Single-Particle Reconstructions

Another notable development has been the application of single-particle microscopy techniques in the physical sciences. Well established in the biological sciences e. g., [26.196, 26.197, 26.5], single-particle methods involve recording many thousands of images of identical particles (e. g., viruses) at different orientations and using the ensemble of images to reconstruct the particle in 3-D. Single-particle methods in materials science have been more limited by virtue of the fact that significant populations of identical or near identical specimens (usually nanoparticles) are less common.
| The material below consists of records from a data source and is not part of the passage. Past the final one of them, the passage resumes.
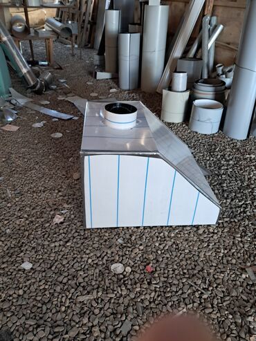 - Davlumbaz və baca boruları müxtəlif diametr və ölçülərdə hazırlanır; asma zəncirlə tavan montajı və ya stasionar karkas üzərində quraşdırma variantları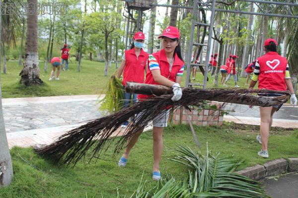 强台风“海鸥”袭击我省后,让我校及周边景区失去了往日的美丽。为了让家园更加美丽,我校志愿者在台风后迅速行动起来,开展“爱护家园 我们在行动”志愿服务活动。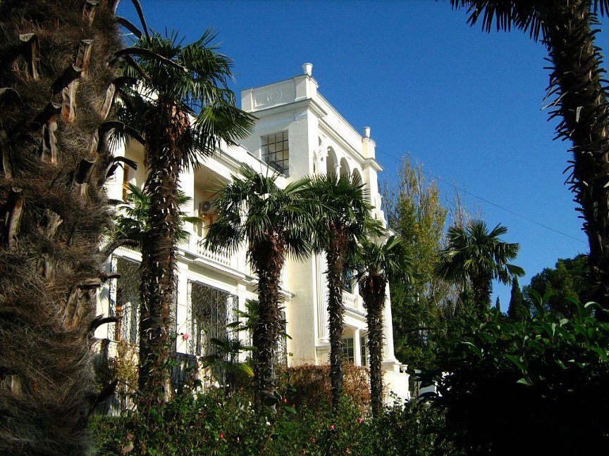 в 15 км к западу от города Ялты в п. Кореиз, на территории уникального парка - памятника садово-паркового искусства начала ХХ века, площадью 8,5 га.
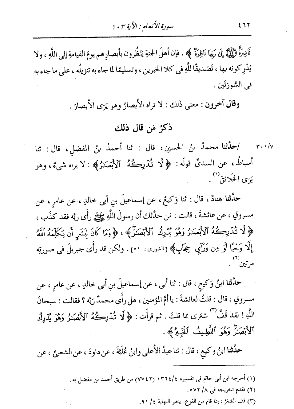 حَدَّثَنَا هَنَّادٌ، قَالَ: ثنا وَكِيعٌ، عَنْ إِسْمَاعِيلَ بْنِ أَبِي خَالِدٍ، عَنْ عَامِرٍ، عَنْ مَسْرُوقٍ، عَنْ عَائِشَةَ، قَالَتْ: مَنْ حَدَّثَكَ أَنَّ رَسُولَ اللَّهِ صَلَّى اللهُ عَلَيْهِ وَسَلَّمَ رَأَى رَبَّهُ فَقَدْ كَذَبَ، {لَا تُدْرِكُهُ الْأَبْصَارُ وَهُوَ يُدْرِكُ الْأَبْصَارَ} [الأنعام: 103] ، {وَمَا كَانَ لِبَشَرٍ أَنْ يُكَلِّمَهُ اللَّهُ إِلَّا وَحْيًا أَوْ مِنْ وَرَاءِ حِجَابٍ} [الشورى: 51] ، وَلَكِنْ §قَدْ رَأَى جِبْرِيلَ فِي صُورَتِهِ مَرَّتَيْنِ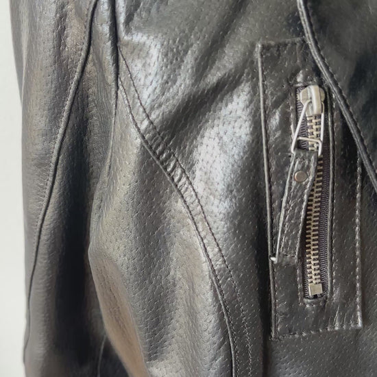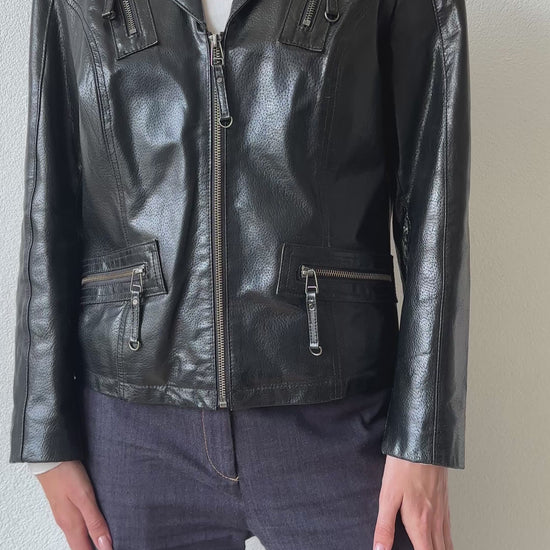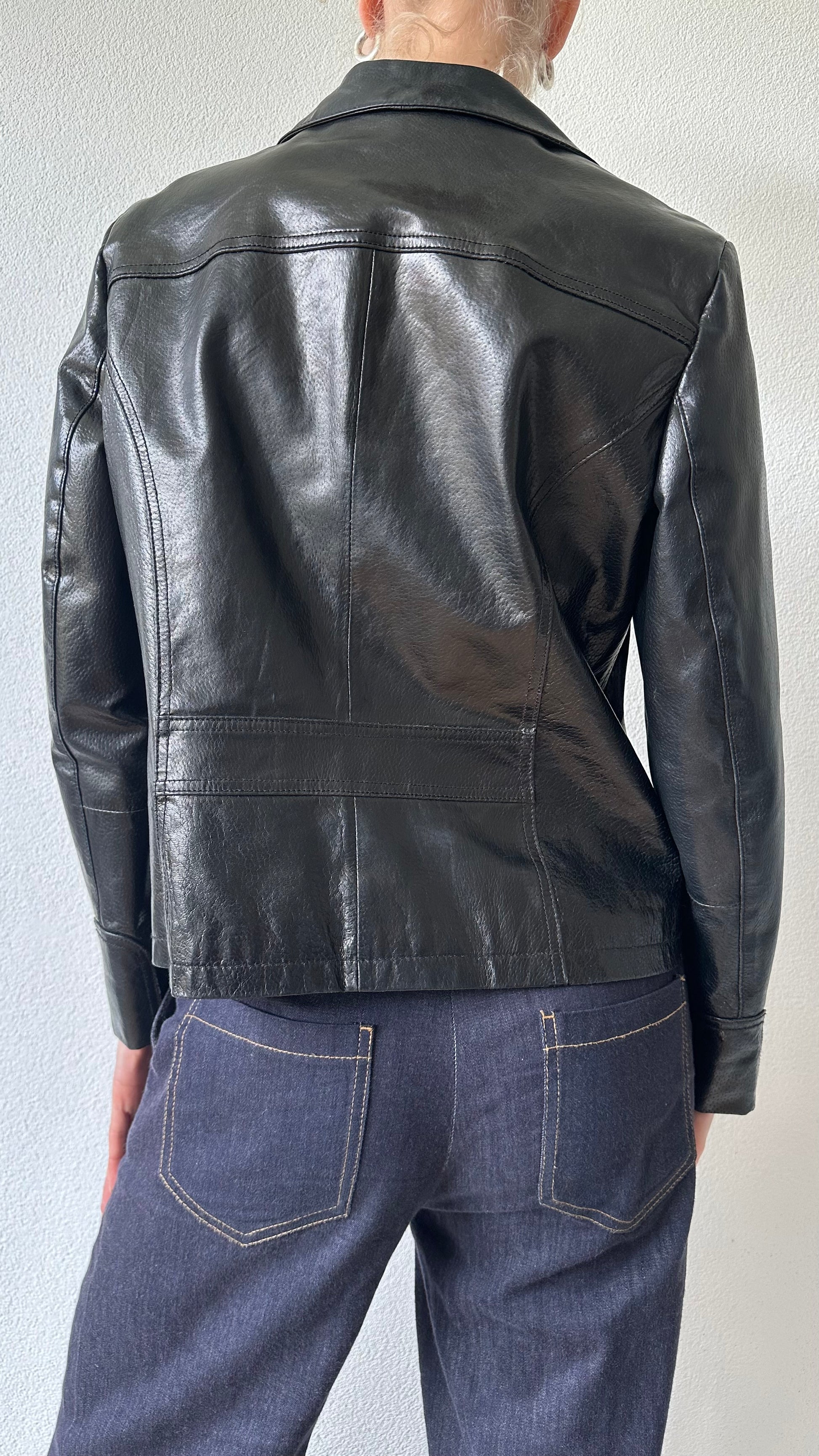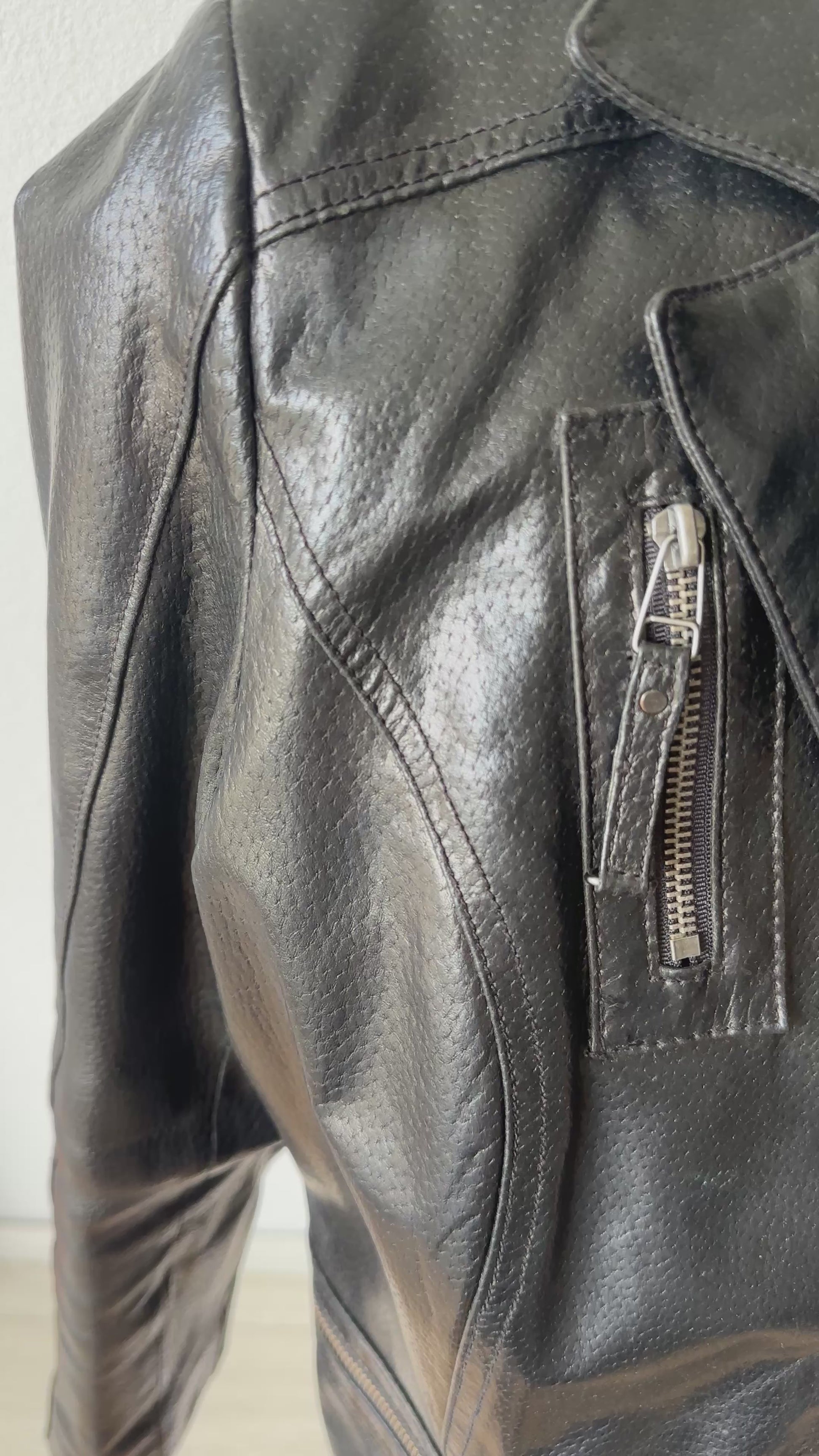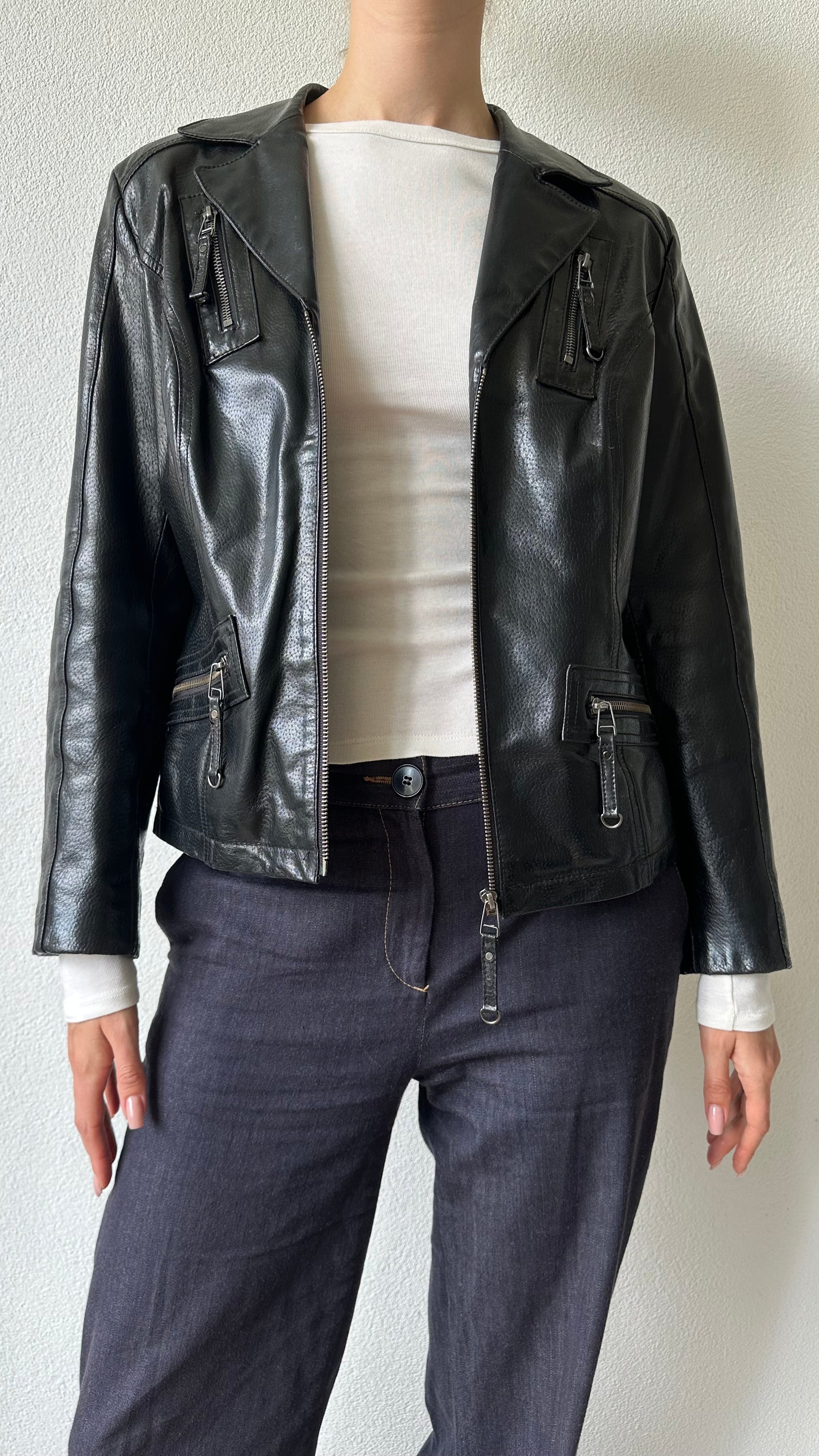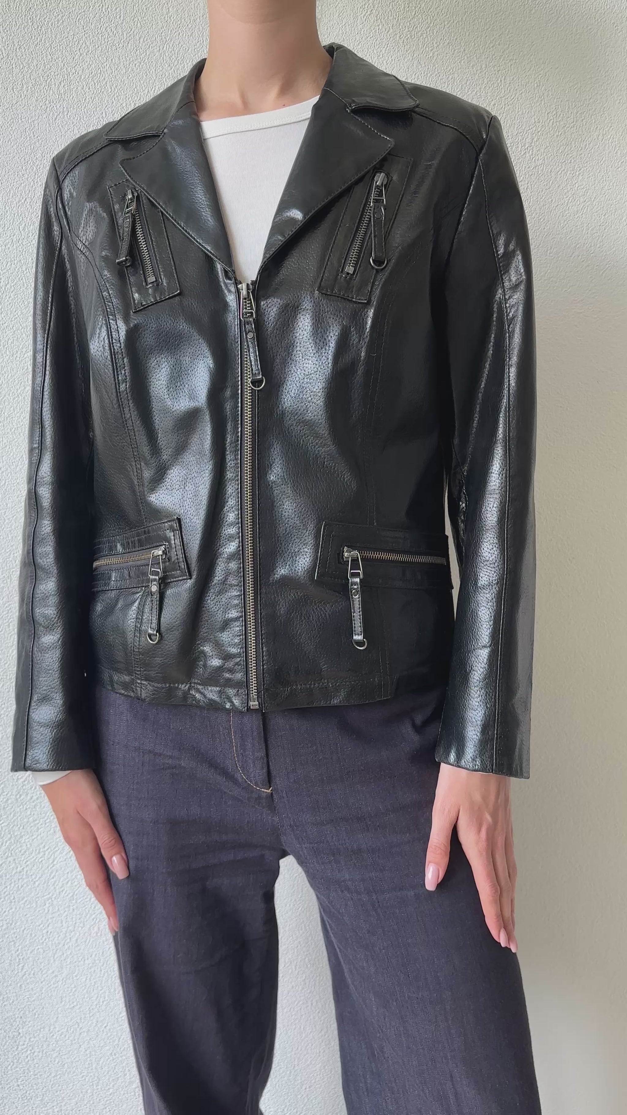 The leather has a subtle shine that catches the light without being too glossy, making it easy to dress up or down. Four zippered pockets at the front give it a structured, slightly utilitarian edge while still keeping it effortlessly cool. The fit is relaxed yet flattering, offering enough room to layer over chunky knits in winter or a simple tee in spring.

However, there do exist certain magic number atomic clusters and nanoparticles whose configurations can be particularly stable, and for which single-particle approaches can be used. While the identification of magic nanoparticle morphologies from comparison of 2-D (S)TEM images to model structures has long been performed, Azubel et al [26.90] recently adapted low-dose aberration-corrected TEM and SPM approaches to determine the 3-D atomic structure of \(\mathrm{Au_{68}}\) nanoparticles.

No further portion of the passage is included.